I fill out the paperwork with one hand, not ever wanting to let Louis’ go. We wait for about five minutes after I’m done before a nurse appears through a sliding glass door, “Mr. Styles, we are ready for you in pre-op.”

I feel the blood leave my face, and I know I must be as white as a sheet. I look at Louis with pleading eyes, though there’s nothing he can do. I turn to the nurse and begin to stand up, Louis’ hand still intertwined with mine, “Can my fiancé come with me?”
She smiles genuinely and nods, waving us toward her, “Of course. He just can’t go past pre-op.”

I nod in relief, pulling Louis along toward the door that seems so fucking intimidating to me. I just have to get this over with. I have so much to look forward to afterward.



LOUIS’ P.O.V.



I wish pre-op lasted much longer than it did. I’ve just seen Harry leave, being pushed back in a gurney, and it was terrifying, even though I know he’ll be fine today. It’s just the idea that this could be our lives from now on: hospitals, surgeries, tears.

I’m holding a plastic bag with Harry’s things inside. I have his clothes, shoes, cell phone, and wallet. He asked for a moment alone just after Dr. Zimmer came to talk to us about details. I laid next to him and let him nuzzle into my neck. I whispered to him about all the great things we’ll be able to do together and our future. That seemed to encourage him. It’s as if our relationship is his motivation to survive.

Dr. Zimmer expects the procedure to take about four hours, and then Harry will most likely stay overnight to monitor his vitals. He has ensured that we will have a private room and a cot waiting for me.

I walk out of pre-op and make my way into the waiting room closest to the operating room. I pull on Harry’s hoodie and wrap my arms around myself, laying down and trying to get comfortable. Once I do, I come to the realization that there’s no way in hell I will be able to sleep. Instead, I simply lay there, staring at the silent and unfamiliar children’s cartoon on the telly. I lay in a daze for god knows how long, until I start to get restless.

I look at my phone to find that it’s only nine o’clock, meaning Harry has only been back for two hours. I can’t stop myself from thinking about exactly what is happening to him right now. They had to shave a part of his hair and drill a small hole through his head to get to the tumor. That’s the reason it takes so long; they have to be precise and careful. It’s almost physically painful for me to imagine what he looks like right now, laying flat on an operating table. I push those thoughts out of my mind and decide that I need to distract myself. I grab my phone and dial for my mum.

“Hello, boo. What on earth are you doing awake?”

She sounds tired, but the familiarity of her voice is comforting.

“Just couldn’t sleep and missed you. How is everyone?”

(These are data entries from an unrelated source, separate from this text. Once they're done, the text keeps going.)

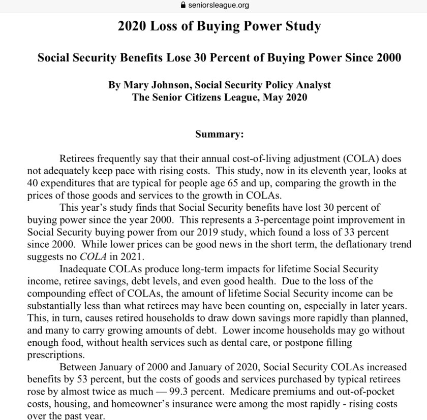 You can look at buying power or the loss of it on a macro basis, but that loss or lack thereof applies unequally across the retired population. Most retirees should have and could have planned for an increasing cost of living in retirement beyond counting on a COLA. But there are exceptions.
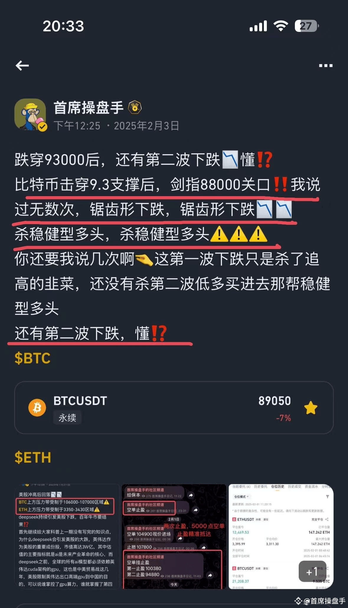 这是公开发文预判从102000开始就要跌破8.8万📉📉
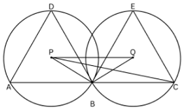 Diketahui dua segitiga sama sisi $ABD$ dan $BCE$ dengan panjang sisi yang sama dan titik $A, B,$ dan $C$ kolinear. Titik $P$ dan $Q$ berturut-turut adalah titik pusat lingkaran luar segitiga $ABD$ dan titik pusat lingkaran luar segitiga $BCE$. Jika luas lingkaran luar segitiga $BPC$ adalah 126, maka luas lingkaran luar segitiga $BPQ$ adalah…
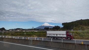 東名高速からの富士山てす。駿河湾や富士山についてバスガイドさんが説明してくれます。「ヘェ~」
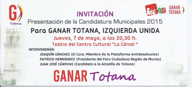 El acto de presentación de la Candidatura de  GANAR TOTANA, IZQUIERDA UNIDA  tendrá lugar el próximo jueves, 7 de mayo a las 20,30 horas en el Teatro de la Cárcel.
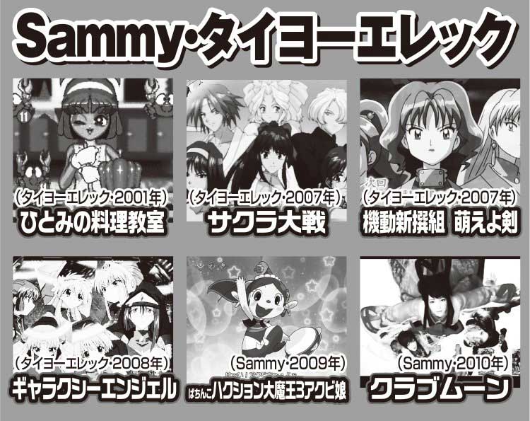 サクラ大戦は2作品、萌えよ剣は3作品パチンコ化。タイヨーエレックの萌え台には「かえで」というヒロインが活躍する「伝説の巫女」も存在。
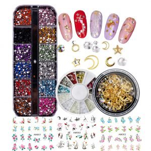 3D Glitter Rhinestones Nail Art Decorations Set Kit, Water Slide Nail Stickers Decals, Acrylic Pearl Metal Nail Studs Jewelry Accessories for Nail Design, Phone Case, Makeup
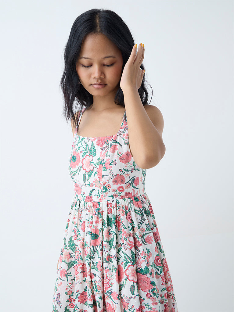 Shaped in A-line dress silhouette, this multicolour dress from Bombay Paisley brings a burst of vibrance with its lively floral print. Created from a rich cotton-blend fabric that offers enhanced breathability, it includes a square neck and adjustable shoulder straps for ease and balance. A concealed back zipper finishes the look with a tailored touch.
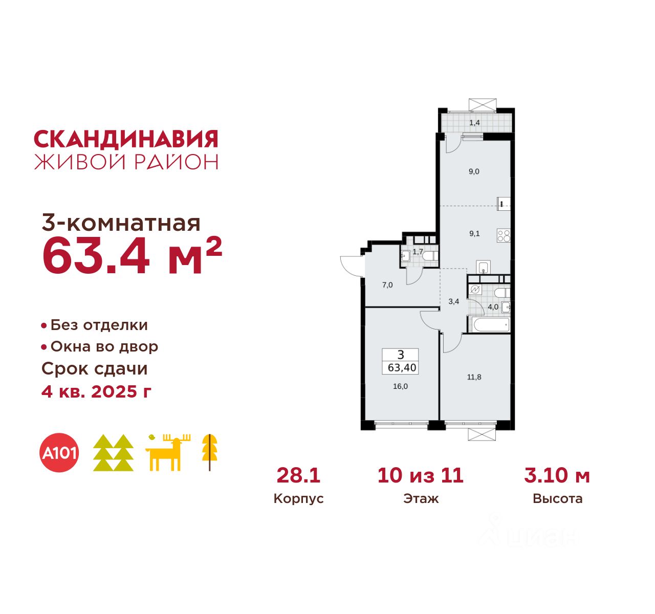 Продается трехкомнатная квартира 207 в новостройке Жилой район "Скандинавия" по адресу Москва, ТиНАО, Новомосковский АО, Сосенское С/П, Коммунарка пос., жилой комплекс Скандинавия, 28.1, район Коммунарка, Новомосковский административный округ, Москва. Общая площадь квартиры - 63.40 кв. м., этаж 10 из 11, секция 3. Тип проекта, по которому построен дом - монолит, компания-застройщик - ООО "А101". Стоимость квартиры - 22338990 Р. Срок сдачи - 4 квартал 2025.
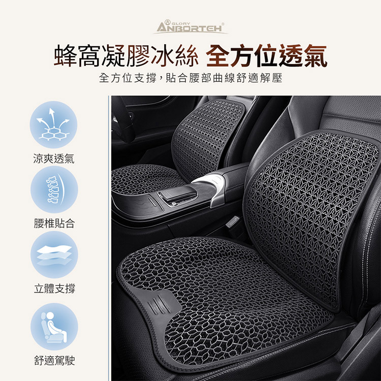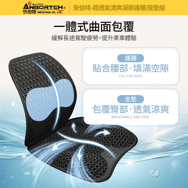 【安伯特】超透氣清爽凝膠組(護腰+座墊) 涼感座墊 汽車座墊 久坐不悶熱
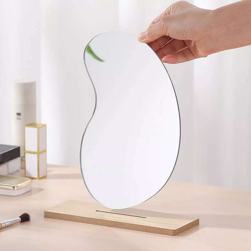 Nepravilno valovito namizno ogledalo, izdelano iz vrhunskega stekla HD, ponuja oster odsev brez popačenj za natančen nanos ličil, preverjanje nege kože in vsakodnevno nego. Zagotavlja jasen pogled za brezhibne rezultate ličenja.
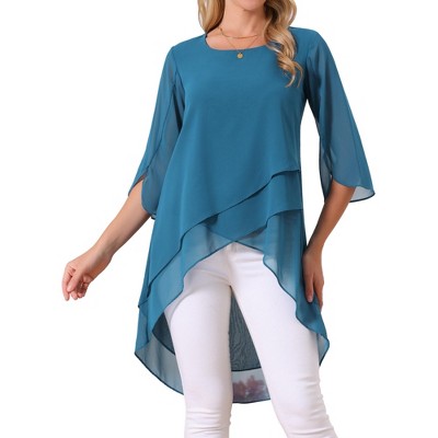Standout and shine in this bold sequin boatneck tunic with three-quarter length sleeves. Featuring a relaxed silhouette and a handkerchief-hem, this polished yet undeniably fun tunic was made for a night out on the town.
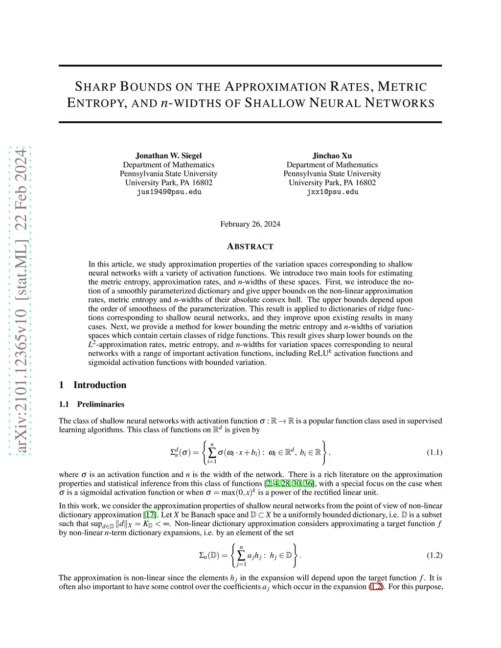 of Shallow Neural Networks
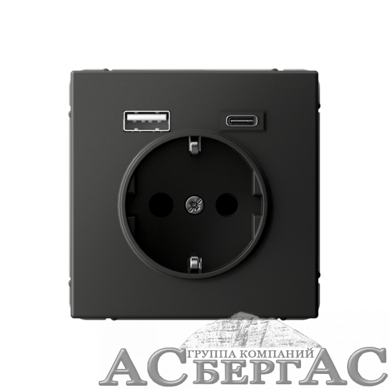 Розетка 16А с 2 USB A+C, 5В/2,4А/3,0А, 2х5В/1,5А, механизм (базальт) ARTGALLERY Systeme Electric
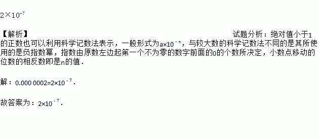 遗传物质脱氧核糖核酸(DNA)的分子直径为0.000 0002cm,用科学记数法表示为______________cm.
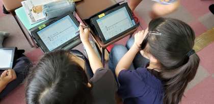 4人グループでリズムアンサンブルをつくりました。グループのアンサンブルのイメージに合わせて楽器を選び、楽器の特徴を生かしてタブレットでリズムを考えました。実際に演奏してみると、思ったよりも難しかったようです。
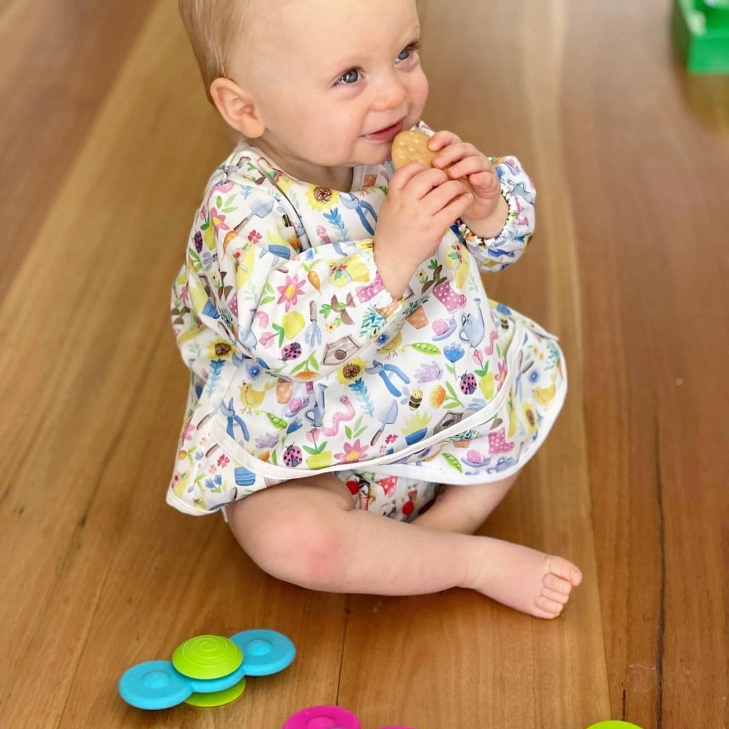 We used these smocks with our first child for weaning and are using them now years later with our second child. When our first was weaned we used them for messy play so they’re really versatile. I love that they come in two sizes so they’re not too big for when babies first start weaning and you can use them for years with the bigger size. They wipe clean and provide really good coverage to keep clothes nice and clean!
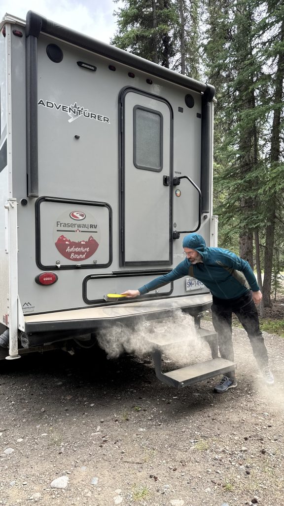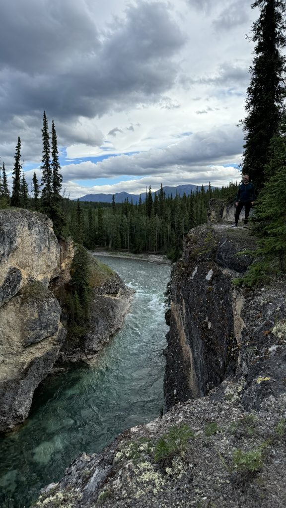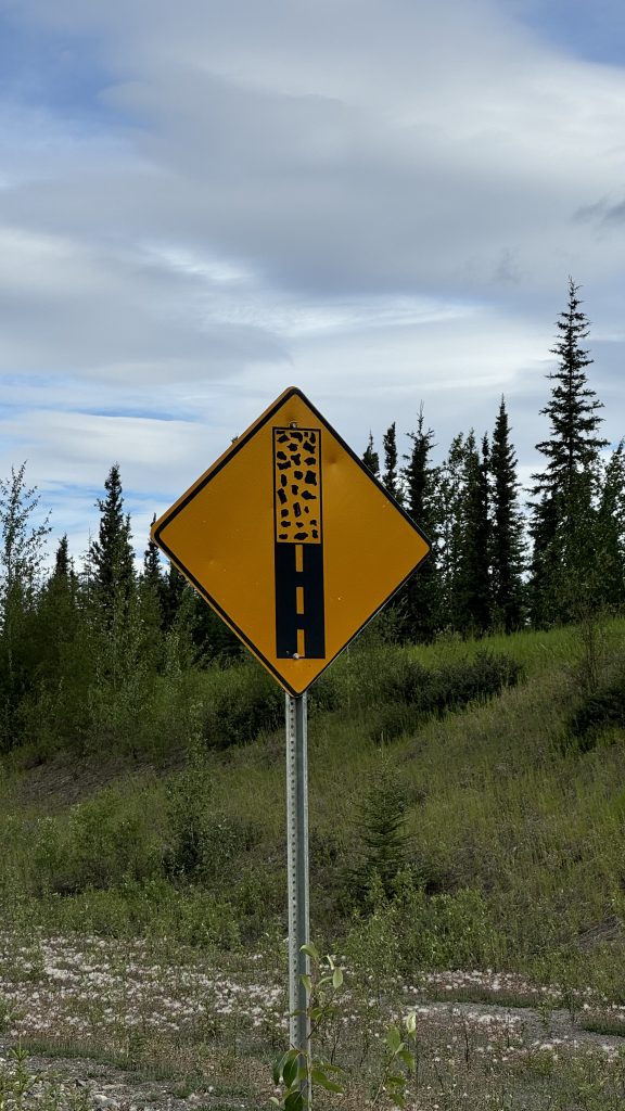 Unser Weg führt es uns über einige landschaftlich reizvolle Highways mit klangvollen Namen wie Robert Campbell, Klondike und Dempster. Ja, den sagenumwobenen Dempster Highway sind wir bis zu North Fork Pass gefahren – eine wirklich schlechte Straße, aber auch hier wunderbare Natur und tolle Panoramen. Im Yukon gibt es wirklich wenig Infrastruktur, Supermärkte und Tankstellen sind oft Hunderte von Kilometern voneinander entfernt, wir müssen jede Gelegenheit wahrnehmen und zumindest die Basics sowie Diesel kaufen. Es ist auch ein Erlebnis in diesen Geschäften einzukaufen, zu sehen was man alles in diesen kleinen Läden bekommen kann – oder eben auch nicht. Auf kleinem Raum wird eigentlich alles verkauft, was man hier so für ein (einfaches) Leben braucht. Die Campingplätze entlang unserer Route sind ebenfalls eher schlicht ausgestattet, fließendes Wasser gibt es nirgends. Häufig liegen die Plätze aber idyllisch an klaren Seen oder Flüssen und so erfrischen wir uns ab und zu im eiskalten Nass.
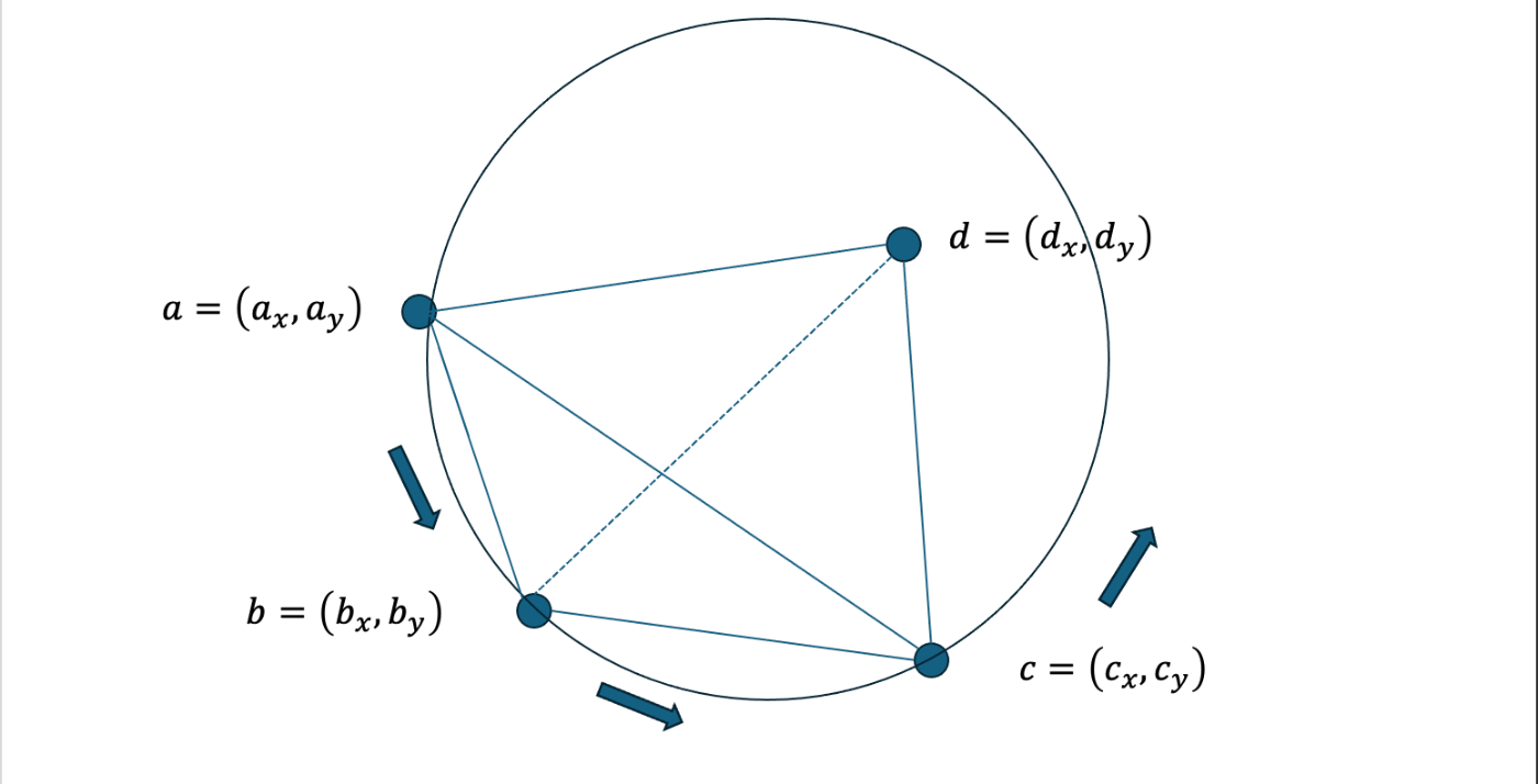 - 1のとき, この外接円に3点以外の点が含まれている場合, その三角形には不当な辺を含んでいると判定する.

“They’re all well,” I can hear her smile through the phone, “How are you and H?”

“We’re actually really good, mum,” which is the honest truth. Harry and I are stronger than we’ve ever been, “We actually want to have a proper dinner party this weekend. Are you able to come on Sunday?”

“Of course, dear. We’d all enjoy that. Is it just us, then?”

“Well, no,” I consider my words wisely, “It’ll be Harry’s family as well, and the lads.”

“Sounds important. Will we be discussing wedding plans?”

“Harry will hope so,” I chuckle, “It’ll be casual, though, so just come as you are.”

She shrieks in laughter, “Trust me, my ratty old pi’s are not suitable for anything outside of this house, my love.”

I smile sadly to myself, wishing I could just tell my mum everything. I always do and she always knows what to say. I can talk to her after Harry is ready to tell everyone. Hopefully that’s still this weekend.

“Are you alright, Lou?”

“Yeah,” I gulp, “I’m perfectly fine. I’ve got to go, though. I’ll text you details about Sunday later on when Harry’s awake.”

I laugh dryly to myself, because Harry really is sleeping, and hopefully he’s sleeping hard.

“Alright, and you’ll tell me what’s wrong then. Love you, bug. Have a great day and give Harry our love.”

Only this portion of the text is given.